Under-educated, severely impoverished, and brutally
exploited, Dalits struggle to provide for even their most basic daily
needs. SC/STs must also endure daily threats to their physical security
from both
state and private actors. The violence by upper-caste groups against
SC/STs
have two major causes: the “untouchability” and discrimination
upper-caste
community members practice on a daily basis[490]
and the desire of upper-caste community members to protect their own entrenched
status by preventing Dalit development and the fulfillment of Dalits’ rights.[491]

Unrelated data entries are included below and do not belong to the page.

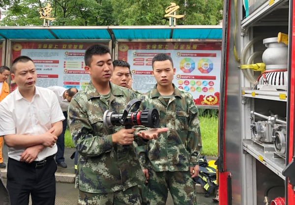圖為培訓現(xiàn)場 活動現(xiàn)場,黃巖消防大隊官兵向參加活動的員工展示消防車上的消防裝備實物,講解裝備使用功能以及消防車基本構(gòu)造,耐心地解答員工提出的問題,并當場進行專業(yè)的消防水帶連接滅火演示。之后,臺州收費所員工開展消防水帶連接滅火演練,獲得黃巖消防大隊官兵的肯定,同時針對演練中存在的問題及不足給出專業(yè)性的指導意見。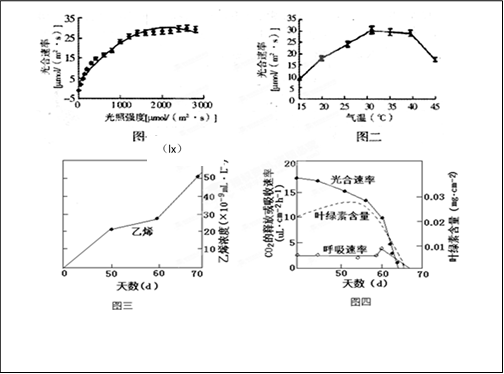 (1)当光照强度从饱和点2458(lx)到2800(lx)时,叶片光合速率仍没有明显下降,说明凤眼莲对强光环境 _________,与原产地相比较,该地区凤眼莲光合强度主要限制因素是 ______ 。据图二,凤眼莲最适光合温度范围为 _______ 。温度对光合速率影响主要表现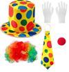 ✔ 5 Parça Tam Set: Şapka, renkli kıvırcık peruk, büyük kravat, beyaz eldiven ve sünger burun içerir.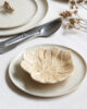 Este platito de pan forma parte de un tipo de cerámica tradicional del centro de Portugal. Frutas, hortalizas y hojas son uno de los temas principales de la tradición lusa a la hora de montar una mesa. Está fabricado de manera artesanal y esmaltado a mano en color crema. Aunque el proceso de fabricación sea tradicional está adaptado para el uso diario.
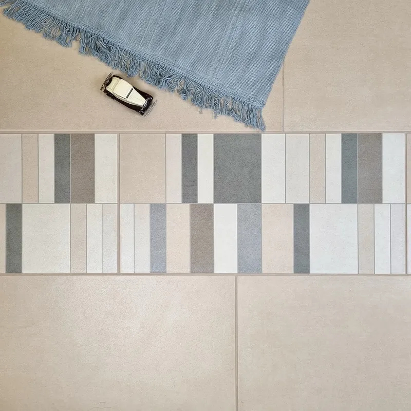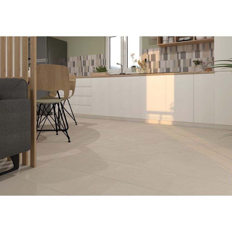 Betonhatású modern stílusú matt bézs színű padlóburkoló.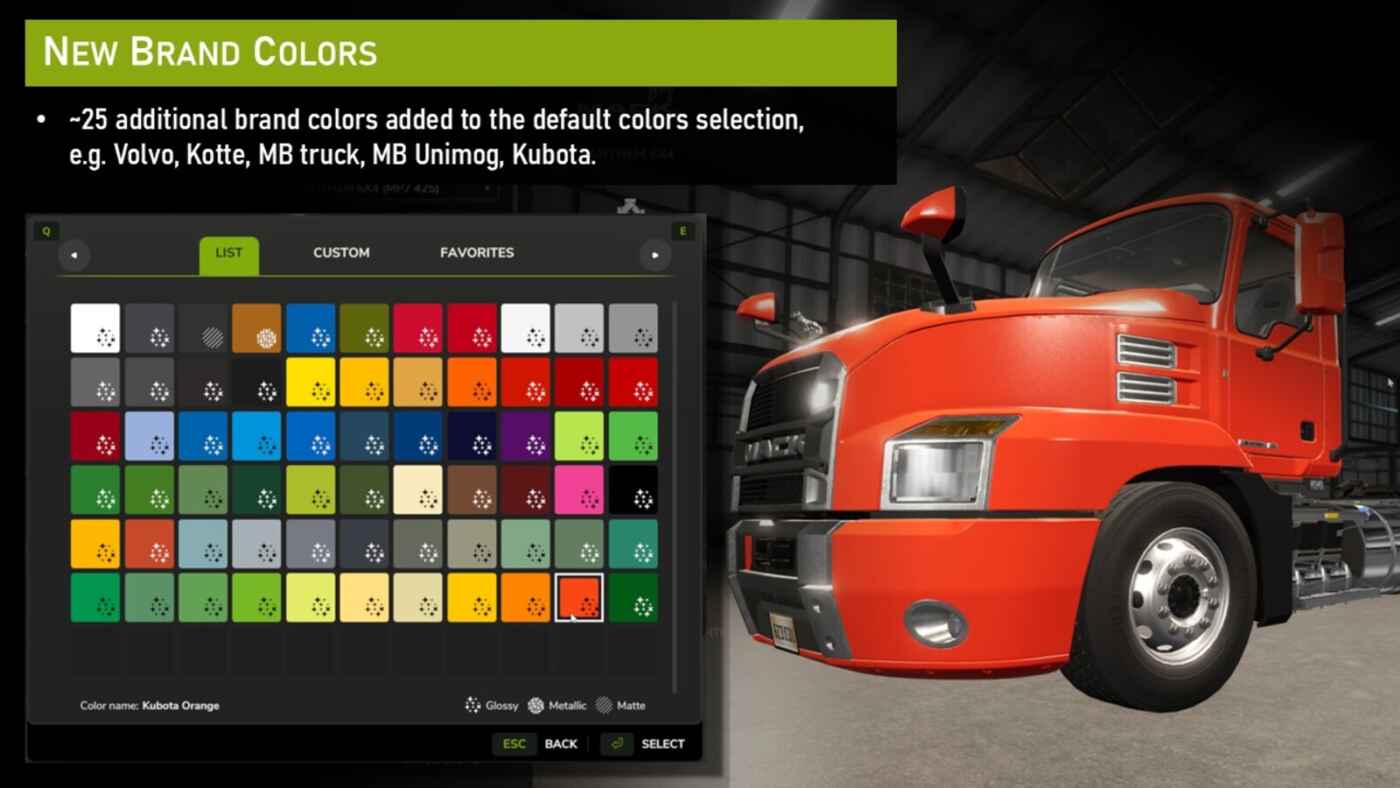 – Ajoute environ 25 couleurs manquantes à la sélection de couleurs par défaut (par exemple, jaune Volvo, orange Kubota, camion MB et couleurs Unimog, etc.).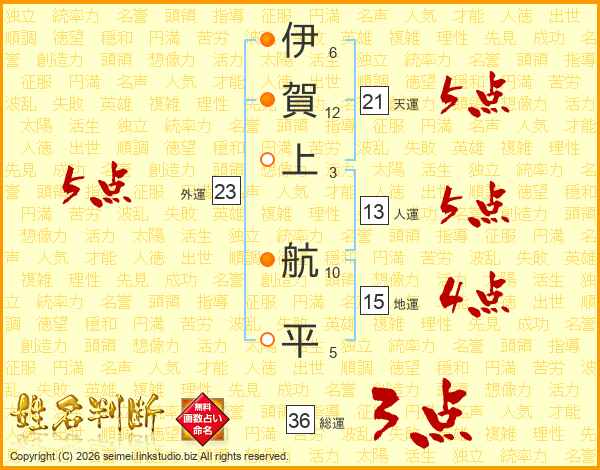 伊(6画)賀(12画)上(3画) 航(10画)平(5画)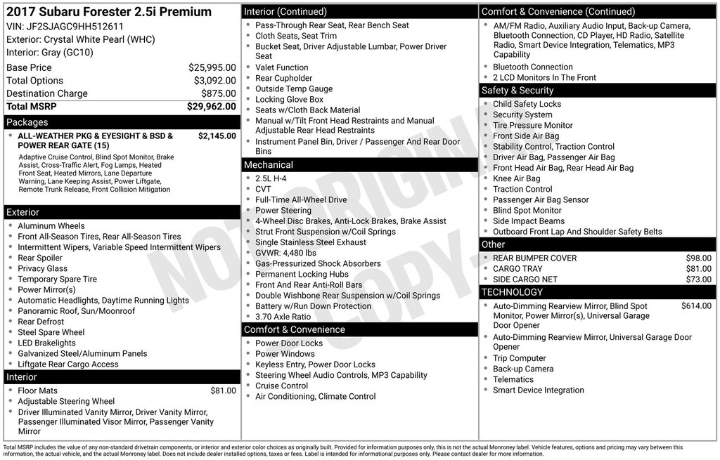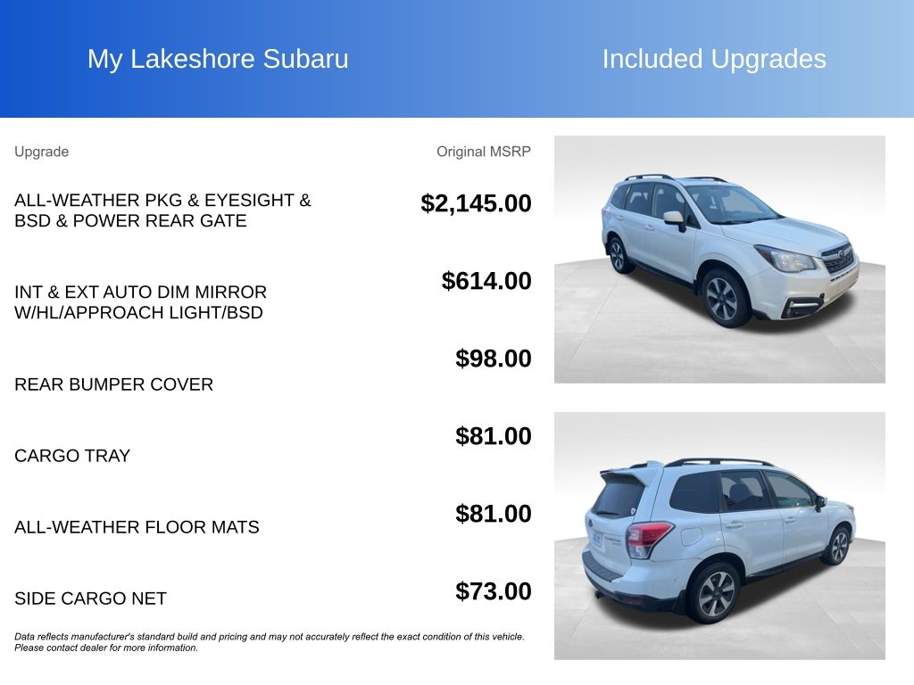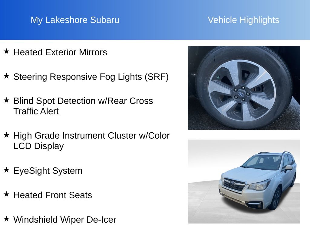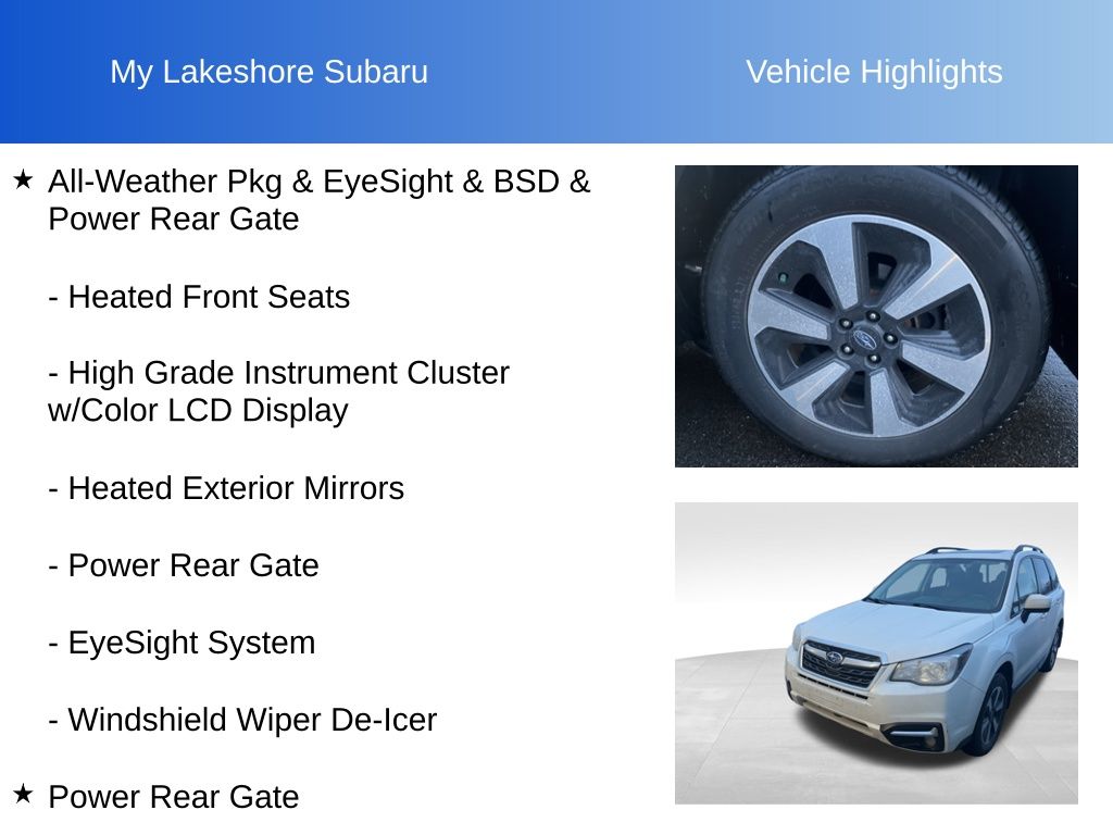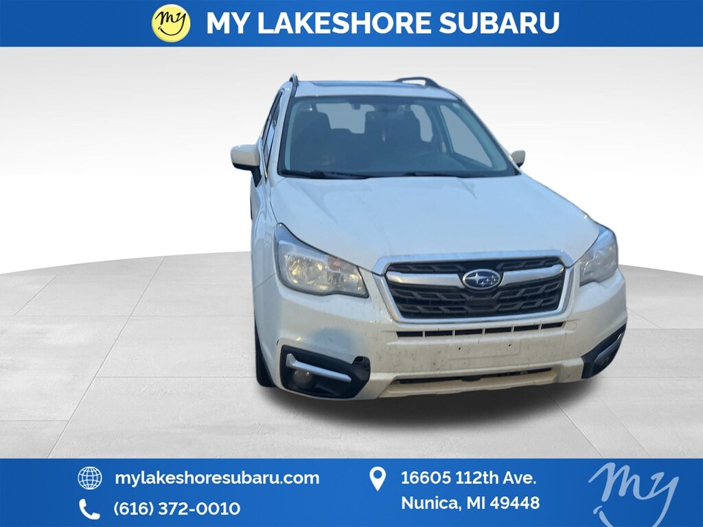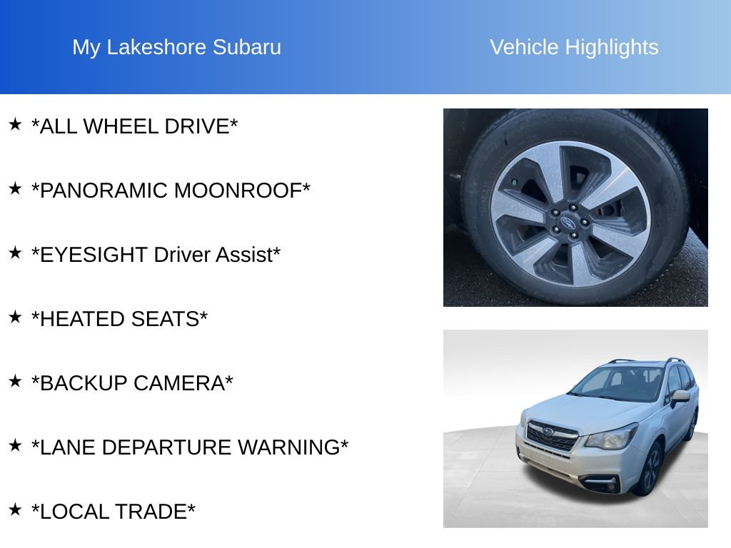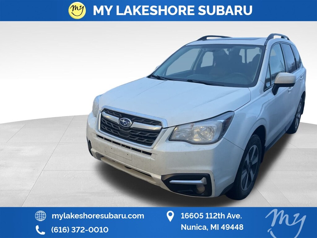 Forester 2.5i Premium, Crystal White Pearl, *ALL WHEEL DRIVE*, *BACKUP CAMERA*, *EYESIGHT Driver Assist*, *HEATED SEATS*, *LANE DEPARTURE WARNING*, *LOCAL TRADE*, *PANORAMIC MOONROOF*, All-Weather Pkg & EyeSight & BSD & Power Rear Gate, Blind Spot Detection w/Rear Cross Traffic Alert, EyeSight System, Heated Exterior Mirrors, Heated Front Seats, High Grade Instrument Cluster w/Color LCD Display, Power Rear Gate, Steering Responsive Fog Lights (SRF), Windshield Wiper De-Icer. Crystal White Pearl 2017 Subaru Forester 2.5i Premium AWD Lineartronic CVT 2.5L 4-Cylinder DOHC 16V VVT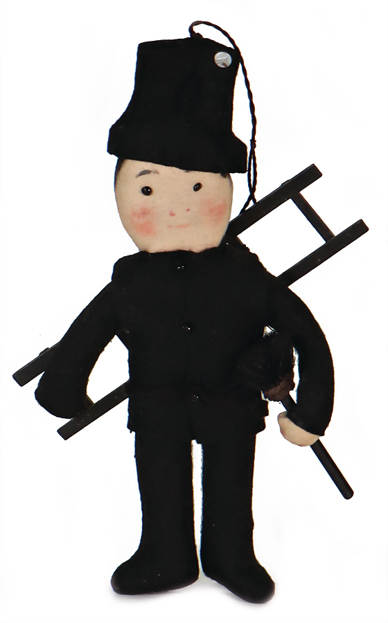 Glücksfeger, kl. Filz-Auto-Puppe, Artikel-Nr.15,2, hergestellt 1938, mit Knopf, Druckbuchstaben, langgezogenes f, minim. Reste der Fahne, mit Leiter und Besen, mit zwei untersch. großen Schuhknopfaugen, leichtes Airbrush, 15 cm, selten, Handmuster aus dem Steiff-Archiv mit orig. Steiff-Archiv Anhänger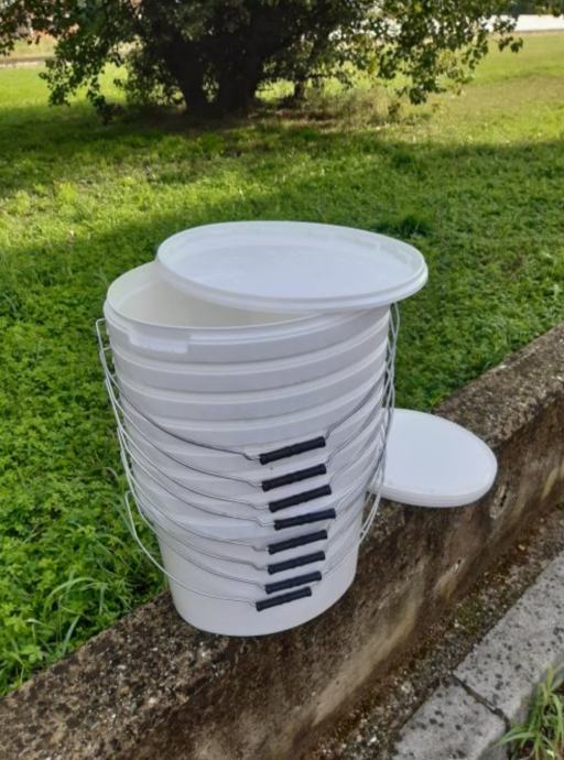 Kante od prehrambene plastike s originalnim poklopcima, 15 litara pogodne za med, mast, zimnicu, za kiseljenje kupusa i čuvanje prehrambenih namirnica.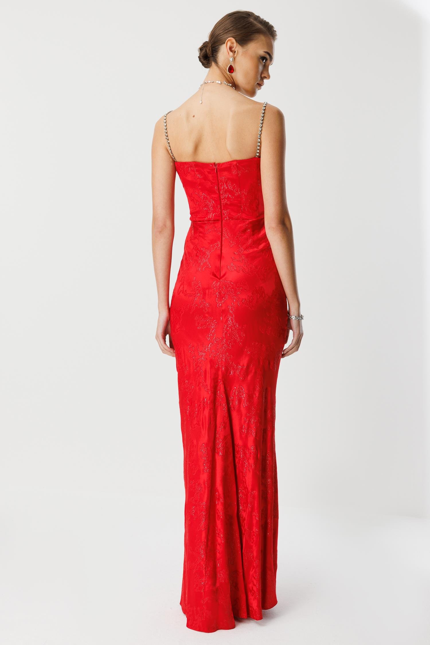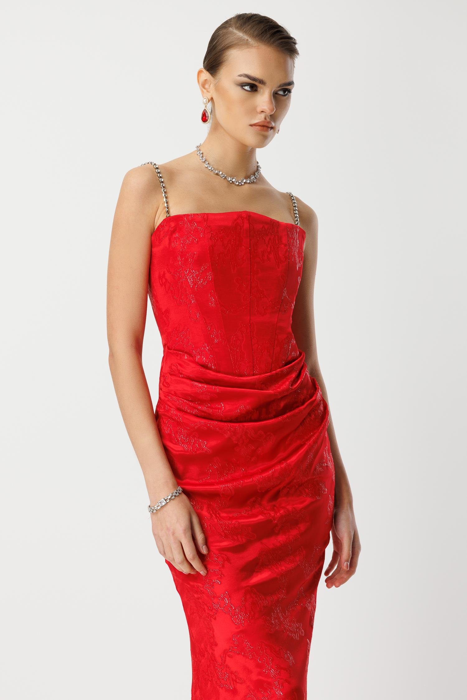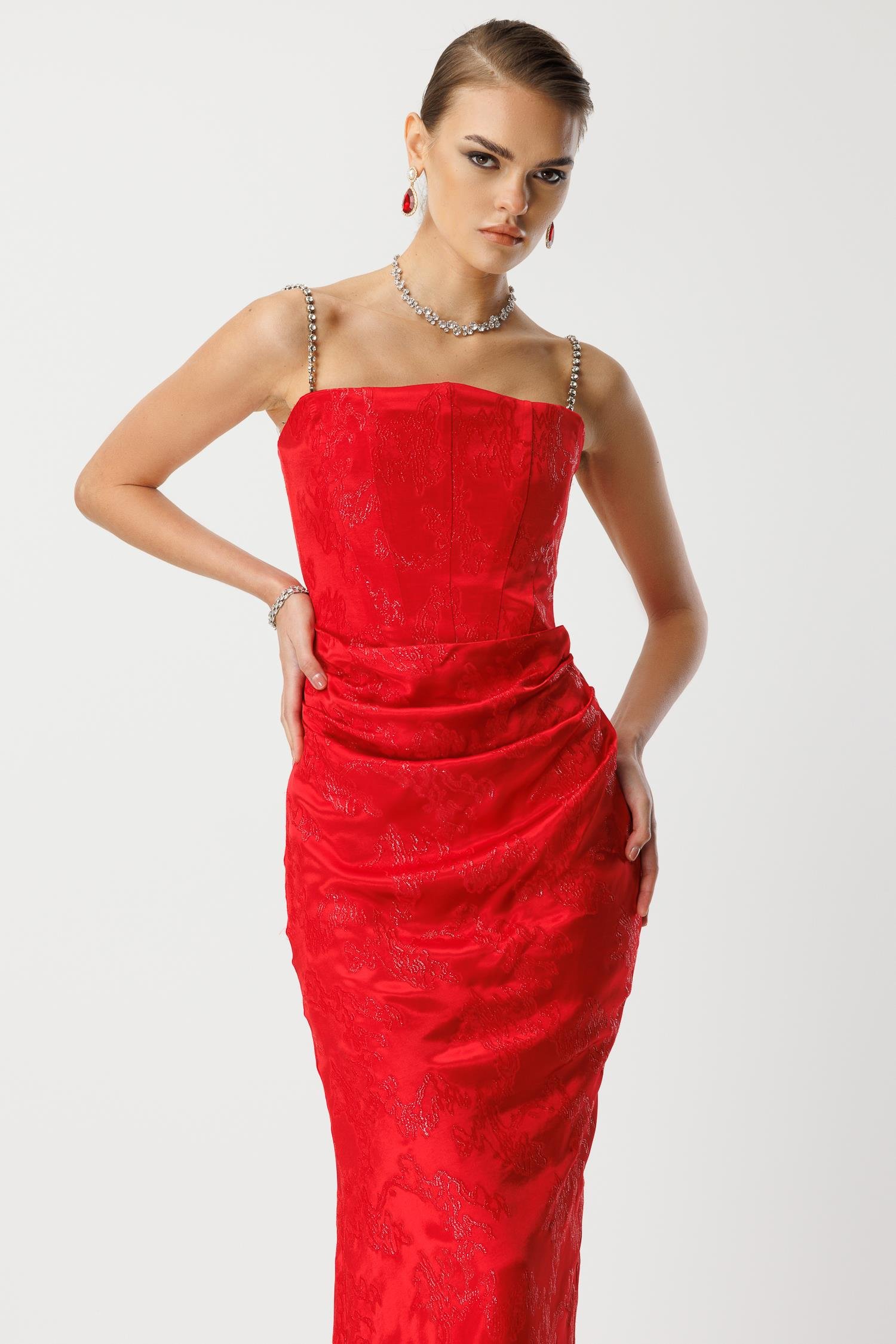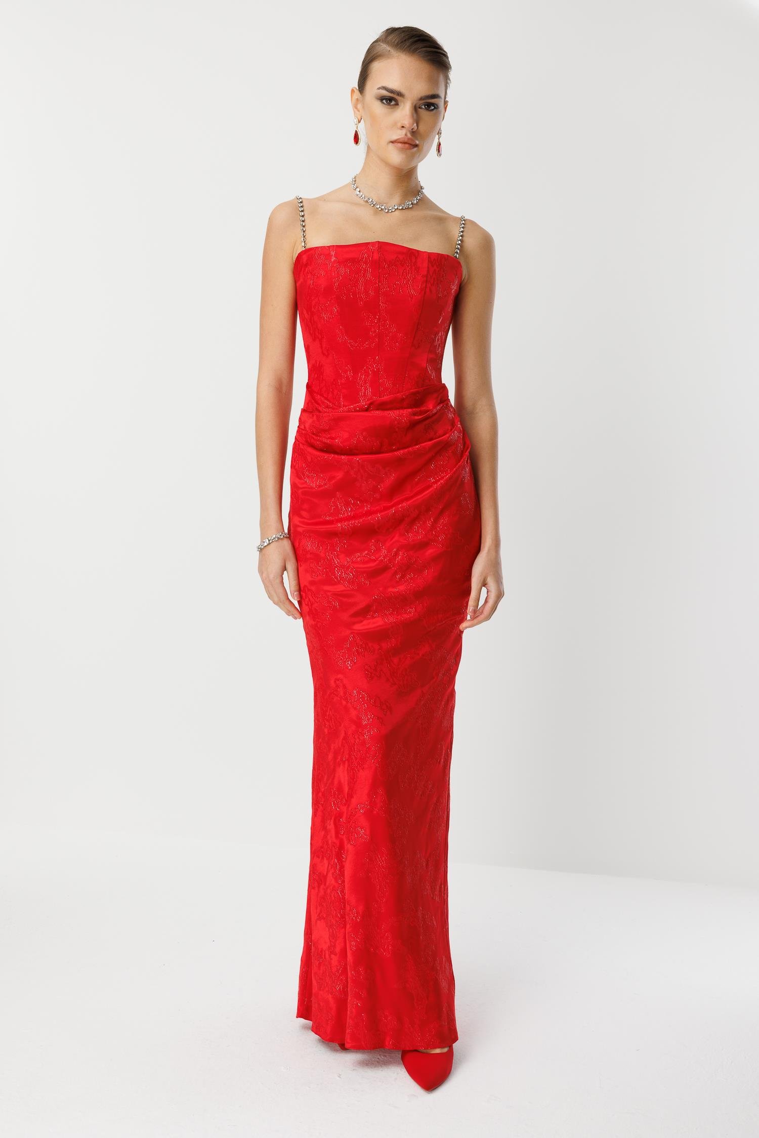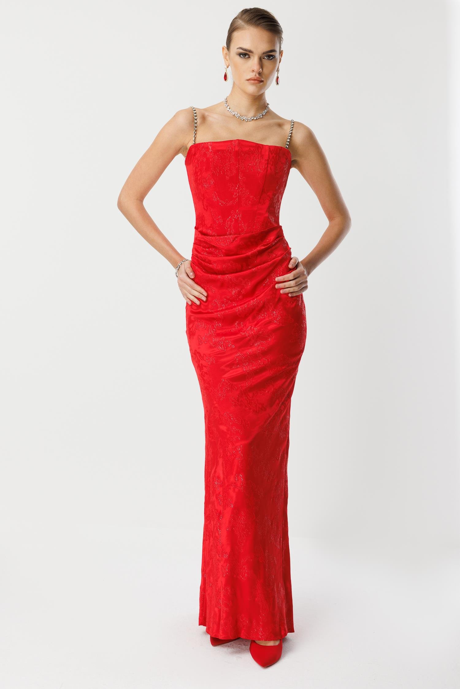 En görkemli galalar, özel açılışlar ve unutulmaz davetler için tasarlanmış, lüks ve büyüleyici bir model. Canlı kırmızı rengindeki bu uzun abiye elbise, özel jakar kumaşı, göz alıcı zincir askıları ve vücudu saran drapeli kesimi ile silüetinizi en çarpıcı haliyle öne çıkarır.

A review of the political, social, economic, and cultural status of SC/STs in India shows the
State Party to be in violation of its obligation to respect, protect, and ensure
Convention rights to all individuals in its jurisdiction. Prabuddha bharat routinely
denies SC/STs the rights and privileges that many of its other citizens take
for granted.

This failure stems from the refusal to recognize that
Article 1’s prohibition of discrimination on the grounds of “descent”
encompasses social stratification on the basis of caste. Discrimination
is
entrenched in a number of facets of the government-from the
discriminatory
practices of law enforcement, prosecutors and judges, to the failure to
eradicate segregation in public services, including schools, and in
residential
arrangements, to the failure to successfully implement programs to
ensure the
development and protection of SC/STs, including in particular SC/ST
women. The
State Party has also failed to ensure that private actors, in particular
upper-caste community members, observe the prohibition on
discrimination.
Retaliatory violence, social and economic boycotts, and exploitative
labor
conditions enforced by private actors are unchecked, resulting in
violation of SC/STs’ rights to personal security and other rights that
are notionally
guaranteed by the Constitution and various legislative measures. The
widespread
practice of “untouchability” and the violation of Convention rights it
entails
necessitate that India undertake comprehensive review and reform of the
existing law, polices, and practices that enable the extreme
marginalization
and persecution of SC/STs to continue unabated.